Many issuers took advantage of record-low interest rates, and near-record amounts of cash flowed into bonds just when they were approaching one of the riskiest levels in history. The only major bond issuer that didn't extend the duration of its portfolio was the U.S. Treasury. Bernstein didn't say it, but former Treasury secretaries Tim Geithner and Jack Lew earned themselves D's or F's for failing to do so, particularly in light of the amount of debt they issued.

Another irony is that President Trump is talking up his pro-growth agenda at the time many Americans are talking about income investments. "That's not the bet" one wants to make with inflation rising in Europe and even Japan, Bernstein said. Maybe so, but with 3.5 million Americans turning 65 every year, it's hard to blame for expecting their assets to thrown some cash.

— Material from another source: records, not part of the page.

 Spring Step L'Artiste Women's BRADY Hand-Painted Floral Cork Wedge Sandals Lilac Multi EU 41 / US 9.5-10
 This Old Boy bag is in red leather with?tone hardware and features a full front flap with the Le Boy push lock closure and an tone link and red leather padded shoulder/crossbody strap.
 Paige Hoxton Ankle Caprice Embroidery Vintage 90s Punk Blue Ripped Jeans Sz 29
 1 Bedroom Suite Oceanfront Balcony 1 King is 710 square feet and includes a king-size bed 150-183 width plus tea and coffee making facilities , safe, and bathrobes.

Something is changing around the globe as the economy in many countries is improving. "It's not the global economy of three or four years ago," Bernstein declared. U.S. stocks are up 8 percent since the election, but Russian equities are up 32 percent, thanks to surging commodity prices. Germany's DAX index also is up 30 percent from last year's lows.

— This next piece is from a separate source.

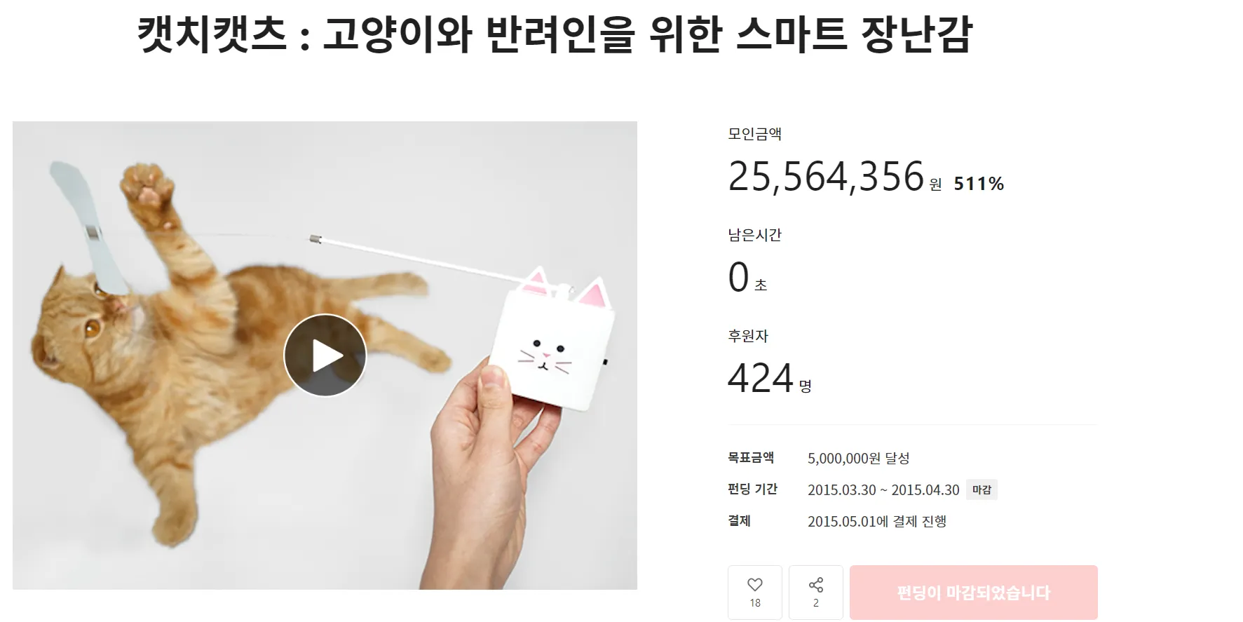 고양이 장난감 펀딩이었던 “캣치캣츠” 펀딩이 가장 기억에 남아요.

Calling it re-inflation, not reflation, Bernstein postulated the notion that global investors, particularly in the bond market, could be in for major shocks. Could re-inflation be a secular trend that lasts five or 10 years, not the cyclical phenomenon everyone assumes? No one is even asking that question. After years of assuming demographics were destiny and the entire developed world was becoming one giant retirement community like Japan, is a global boom conceivable? No one is bothering to contemplate that outcome.

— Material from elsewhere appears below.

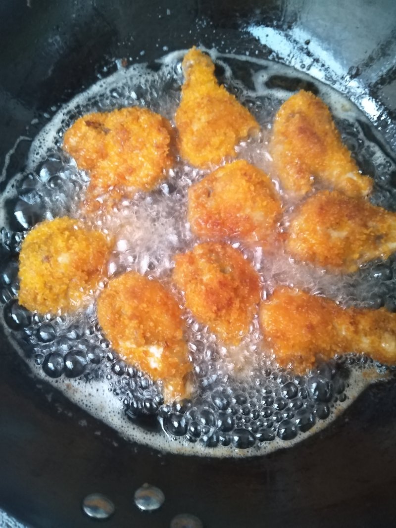 9:待全部鸡翅都裹好后,开始炸制。往锅中倒入适量的油,油热后,将鸡翅放入锅中,炸至成熟、表面微黄时捞出。
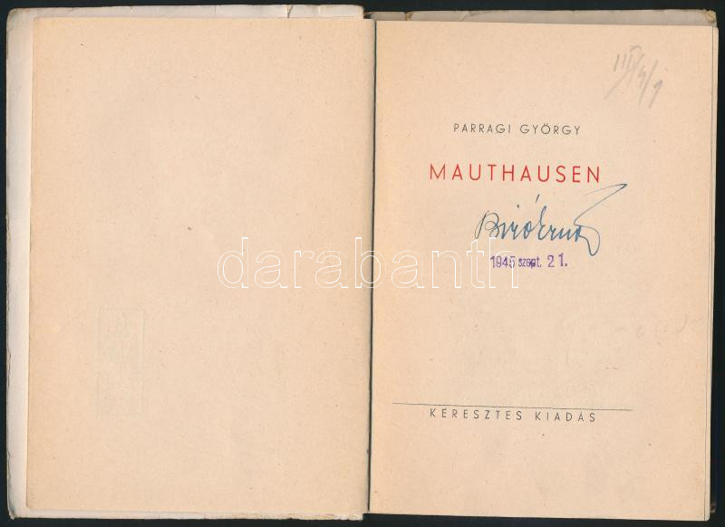 Parragi György: Mauthausen. Bp., 1945, Keresztes. Kiadói papírkötés, t... https://www.darabanth.com/hu/432-Gyorsarveres/432.0/Konyvek/Konyvek-Egyeb-ritkasagok~1000037/Parragi-Gyorgy-Mauthausen-Bp-1945-Keresztes-Kiadoi-papirkotes-tulajdonosi-bejegyzessel-~II2781548

A longtime bear on emerging markets, Bernstein is changing his tune, albeit with many caveats. For five straight years, emerging markets led the world in negative earnings surprises.

Coming out of a profits recession, Bernstein tends to favor the junkiest of junky companies, noting history indicates they are the best performers in these environments. Still, he laughs when he hears portfolio managers say they like high-quality names in emerging markets.

That's an "oxymoron," he said. "There are about three."

Investors may need to reposition their portfolios if the trend to cyclical growth and low quality companies continues to gain momentum. Bernstein likes deep cyclicals and other industries like energy, materials, financials and low tech. Academic research reveals that great companies can make bad investments because the market has already priced the quality of their earnings into the stock price, while unloved, out-of-favor businesses often outperform because their stocks sell at bargain-basement prices. He suggested this phenomenon might be particularly salient in the next stage of the bull market.

High tech and social media could be victims of rising rates. "When the hurdle rate is zero, Elon Musk wants to go to Mars," and investors are willing to throw money at him. Now another competitor wants to go to Mars and Jersey Transit can "barely make it to Penn Station."